Scientific classification
- Kingdom: Animalia
- Phylum: Chordata
- Class: Mammalia
- Order: Artiodactyla
- Family: Moschidae
- Subfamily: †Blastomerycinae
- Genus: †Blastomeryx Cope, 1877
- Species: B. cursor Cook 1934; B. gemmifer Cope 1874; B. vigoratus Hay 1924;
- Synonyms: B. elegans; B. francesca; B. medius; B. mollis; B. pristinus; B. tantillus;

= Blastomeryx =

Extinct genus of deer

Blastomeryx is an extinct genus of musk deer endemic to North America. It lived during the Miocene epoch 20.4—10.3 million years ago, existing for approximately . There may be only one species, Blastomeryx gemmifer.

== Description ==
Blastomeryx was 75 cm long and looked like a modern chevrotain. Its canines were elongated into tusks which it probably used to uproot plants and fend off predators. While Blastomeryx (as well as modern musk deer) lacked antlers, a Middle Miocene species had bony knobs on its skull, which have been interpreted as incipient horns.
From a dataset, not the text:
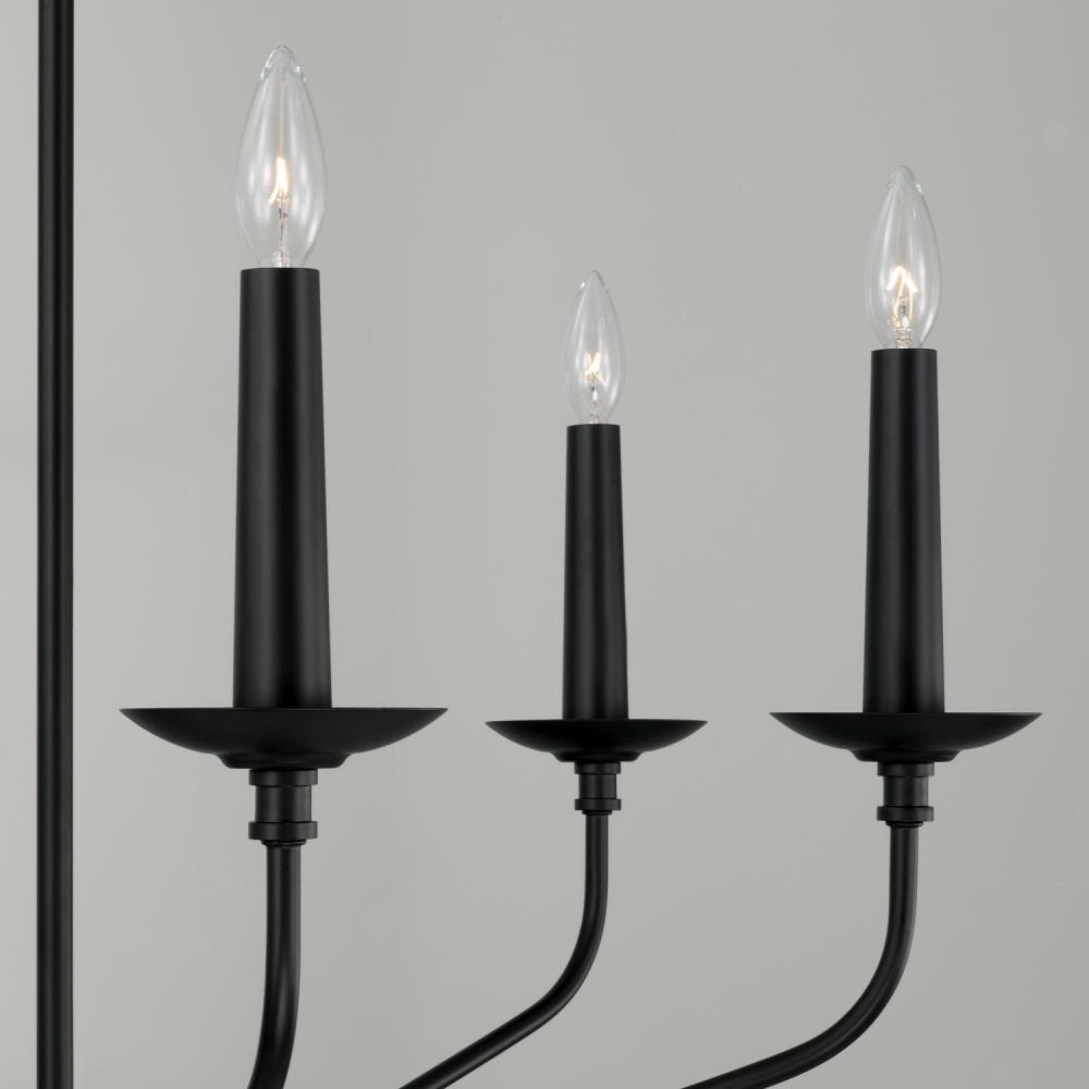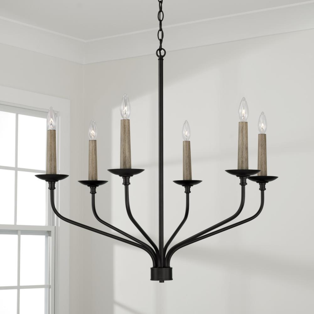 Pairing the Matte Black finish with designer details, the Wilder Medium Chandelier brings classic elegance with an (optional) element of nature. Available in Faux Wood and Matte Black, the interchangeable candle sleeves create a custom-made feel for high design that suits any style.

Blastomeryx had a reduced radius and ulna, as well as fully formed cannon bones, like modern deer.

== History ==
In older literature, Blastomeryx has been placed within Cervidae proper, though this affinity is generally not believed. Edward Drinker Cope and William Diller Matthew were of the belief that Blastomeryx descended from Hypertragulids, assuming the genus was indigenous and not a result of any migration.